[Dataset entries]

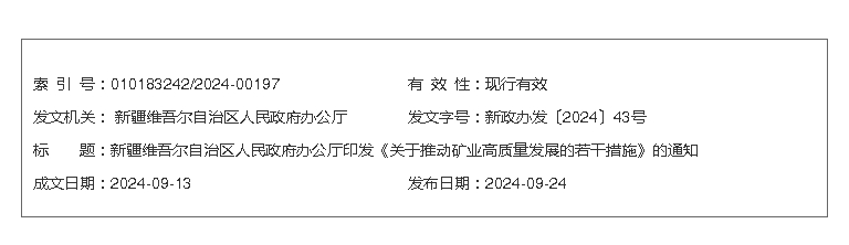 新疆維吾爾自治區(qū)人民政府辦公廳印發(fā)《關(guān)于推動(dòng)礦業(yè)高質(zhì)量發(fā)展的若干措施》的通知
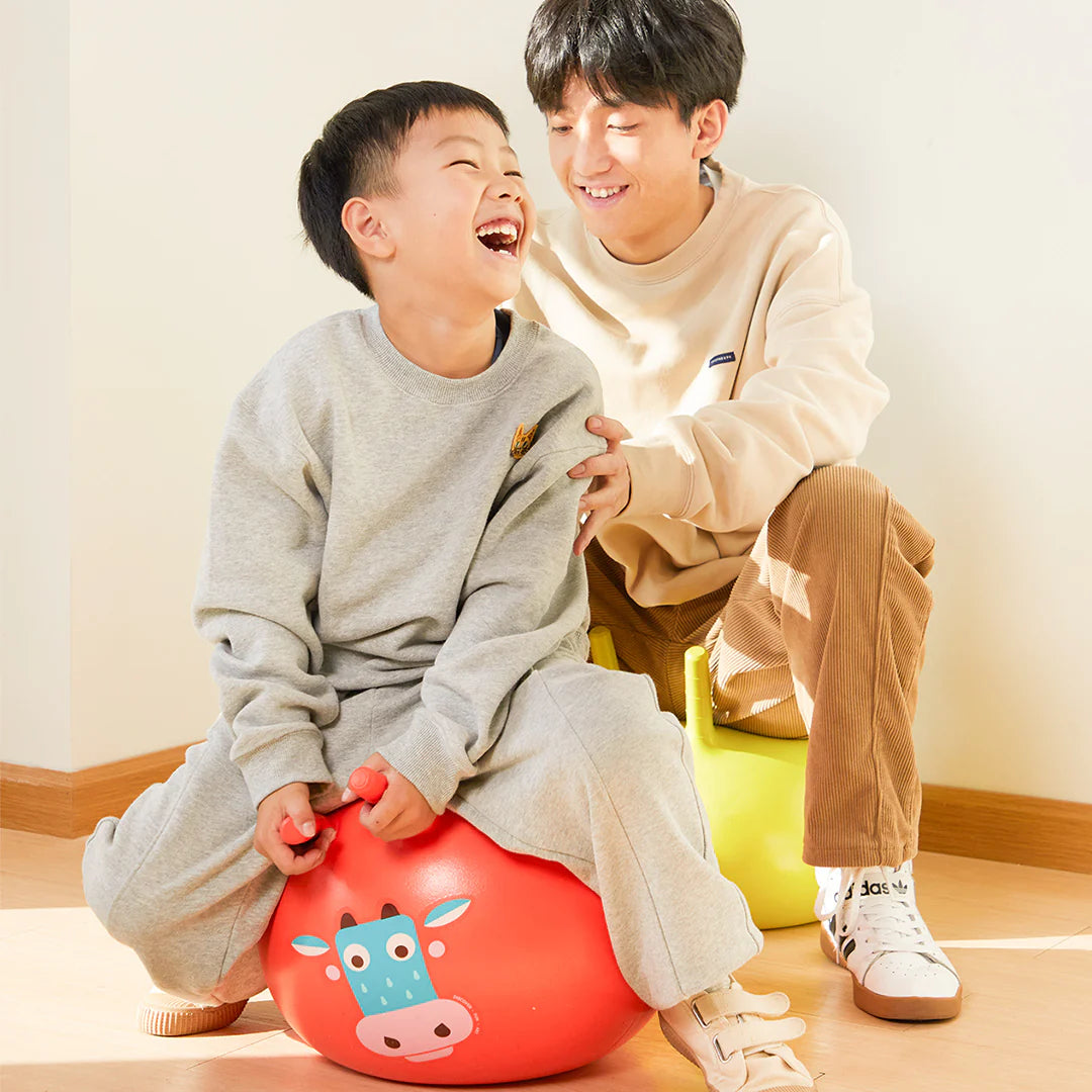 Bouncy ball! With handles, it helps develop movement, balance, and muscle use. It's fun to play with and can also be used for yoga exercises to build body balance. (Adults can play too!)
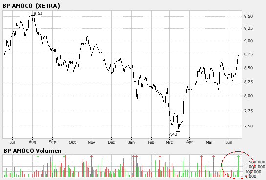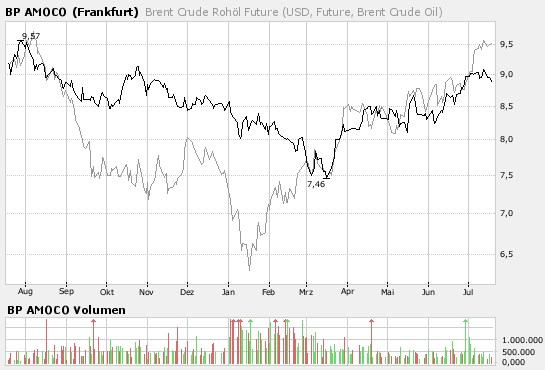 Ein Vergleich der Charts zwischen NordseeRohöl und BP auf Jahressicht ist beigefügt. Allerdings ändert sich das Bild, die Differenz, deutlich beim Wechsel des Zeitrahmens...
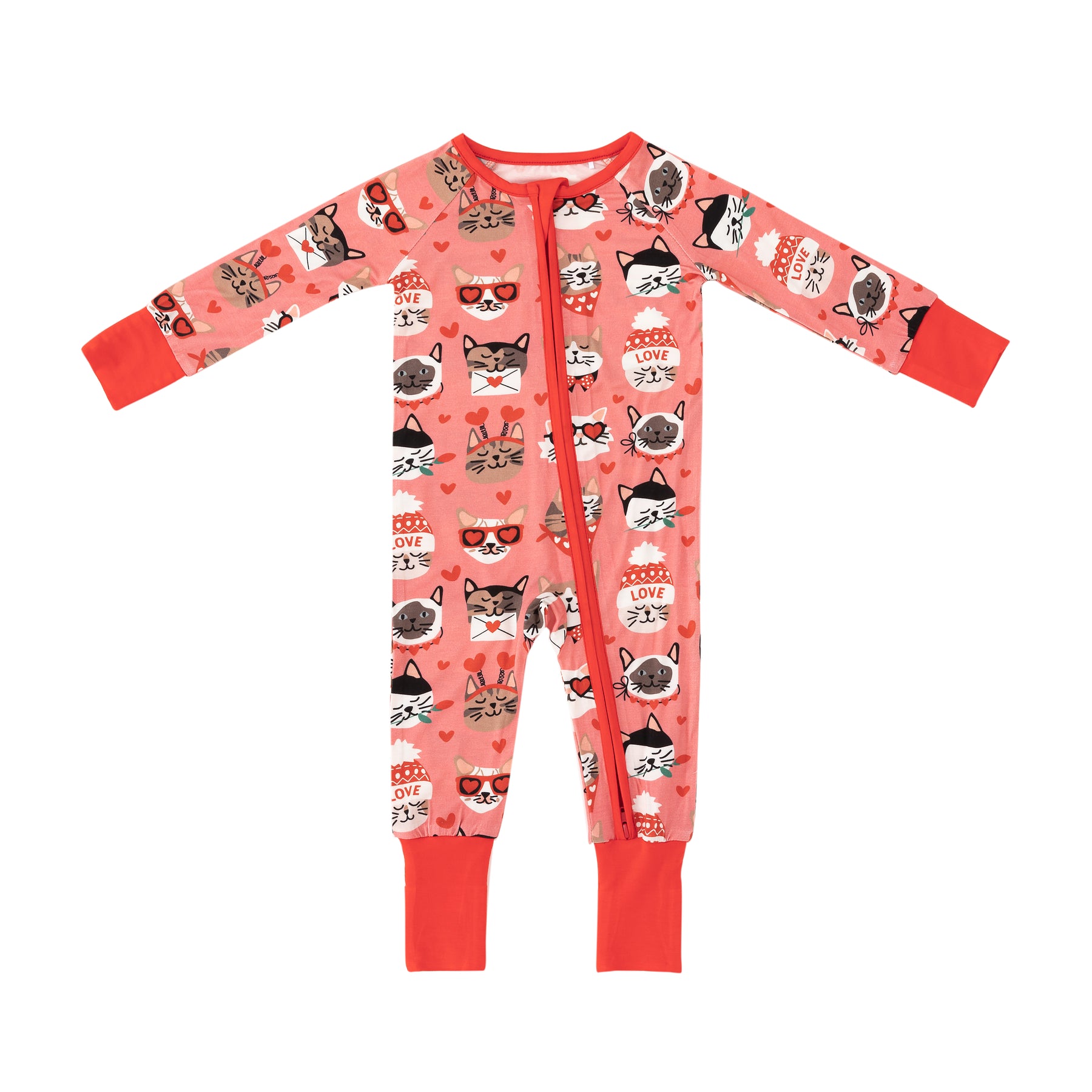 Purrfectly Loved (Convertible Zip Footies) - Warm Rose
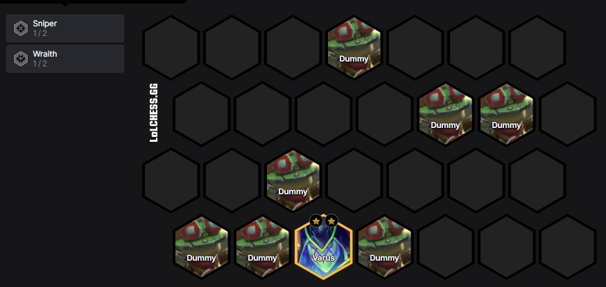 Đây là cách xếp bài thường thấy ở đội hình Caitlyn - Jayce reroll khi tạo khoảng trống để Caitlyn có thể bắn thẳng vào chủ lực của đối thủ. Tuy nhiên khi đối đầu với Akali, cách xếp bài này cũng tỏ ra rất hiệu quả bởi nó khiến cho Akali có xu hướng tấn công loạn xạ thay vì nhắm vào chủ lực Caitlyn. Vì vậy, bạn hoàn toàn có thể tham khảo cách sắp xếp này để khắc chế những đội hình có sử dụng Akali.
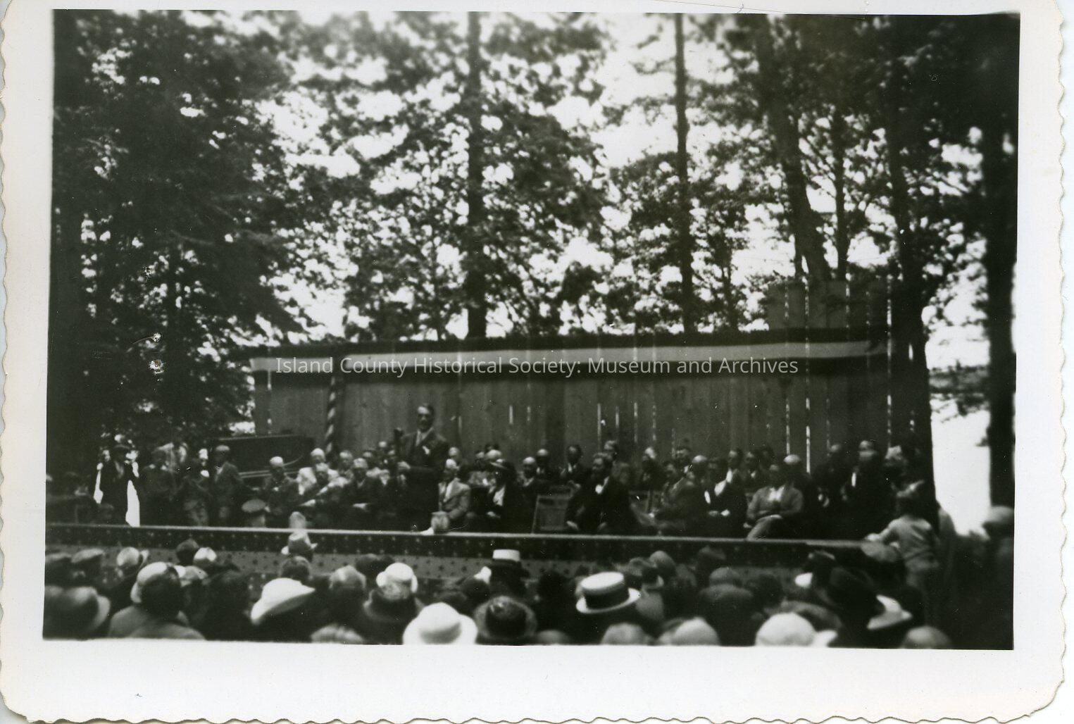 This black and white photo shows a gathering of people, there is a crowd that is gathered around a man with a mircrophone.

#### Your assignment
Retype the records verbatim, but not their images.

#### Result
 新疆維吾爾自治區(qū)人民政府辦公廳印發(fā)《關(guān)于推動(dòng)礦業(yè)高質(zhì)量發(fā)展的若干措施》的通知
 Bouncy ball! With handles, it helps develop movement, balance, and muscle use. It's fun to play with and can also be used for yoga exercises to build body balance. (Adults can play too!)
 Ein Vergleich der Charts zwischen NordseeRohöl und BP auf Jahressicht ist beigefügt. Allerdings ändert sich das Bild, die Differenz, deutlich beim Wechsel des Zeitrahmens...
 Purrfectly Loved (Convertible Zip Footies) - Warm Rose
 Đây là cách xếp bài thường thấy ở đội hình Caitlyn - Jayce reroll khi tạo khoảng trống để Caitlyn có thể bắn thẳng vào chủ lực của đối thủ. Tuy nhiên khi đối đầu với Akali, cách xếp bài này cũng tỏ ra rất hiệu quả bởi nó khiến cho Akali có xu hướng tấn công loạn xạ thay vì nhắm vào chủ lực Caitlyn. Vì vậy, bạn hoàn toàn có thể tham khảo cách sắp xếp này để khắc chế những đội hình có sử dụng Akali.
 This black and white photo shows a gathering of people, there is a crowd that is gathered around a man with a mircrophone.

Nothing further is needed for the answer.